A rational action in this context is the one that provides the highest utility in the next state.
$$
a_{rational} = argmax_a(u_\mathfrak{a}(P(s,a)))
$$
In the last equation $P(s, a)$ provides the state that the agent finds themselves in after performing the action $a$ in their current state $s$.
In sequential decision making, a popular formalism is the Markov Decision Process. This defines a tuple $\langle S,A, P, R \rangle$ where:
- $S$ represents the set of states
- $A$ represents the set of actions
- $P$ represents the transition function between states via the actions
- $R$ represents the reward function based on a state and action
Initially, I'll talk about deterministic MDPs. This means that the state after performing a state and action pair is always the same.
One popular approach to solving these problems is through value iteration. This approach is characterized by the Bellman Equation:
$$
V(s) = max_a(R(s,a) + \gamma V(P(s,a)))
$$
This says that the value of the current state is the highest combination possible between the direct reward for some action $a$ and the discounted value of the next state.
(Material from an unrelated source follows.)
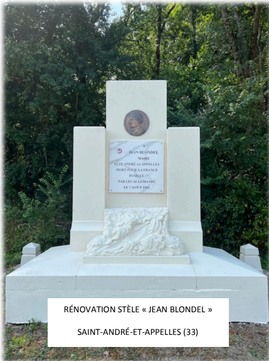
RÉNOVATION STÈLE « JEAN BLONDEL » SAINT-ANDRÉ-ET-APPELLES (33)

Russ Roberts didn't mention MDPs in his book, but I think he had something similar in mind when he writes about the difficulty of computing utility given a wild problem. One example he uses, comes from L.A. Paul and her book [Transformative Experience](https://www.worldcat.org/title/872342141).
**The Vampire Problem**
> Before you become a vampire, you can't really imagine what it will be like. Your current experience doesn't include what it's like to subsist on blood and sleep in a coffin when the sun is shining. Sounds dreary? But most, maybe all, of the vampires you meet speak quite highly of the experience. Surveys of vampires reveal a high degree of happiness.
Let's look at it in terms of value iteration. The value of becoming a vampire is equal to the reward during the initial transformation plus the discounted value of living life after the transformation.
When an agent performs the action $a_{transform}$ does it know that it performed that specific action? One way of looking at this is to see if the agent is able to tell apart any two arbitrary actions, say $a_{transform}$ and $a_{morph}$. I don't believe this problem is well studied in literature. Do let me know if you know of any literature covering an agent confusing actions.
Two reasons immediately come to mind for why partial observability exists.
- Compromised Perception: A state in which the agent's perception only captures a subset of the total information. For example, heavy fog covers the roadway
limiting visibility of other traffic.
- Group Decision Making: Agents often don't have insight to other's thought processes or perceptions.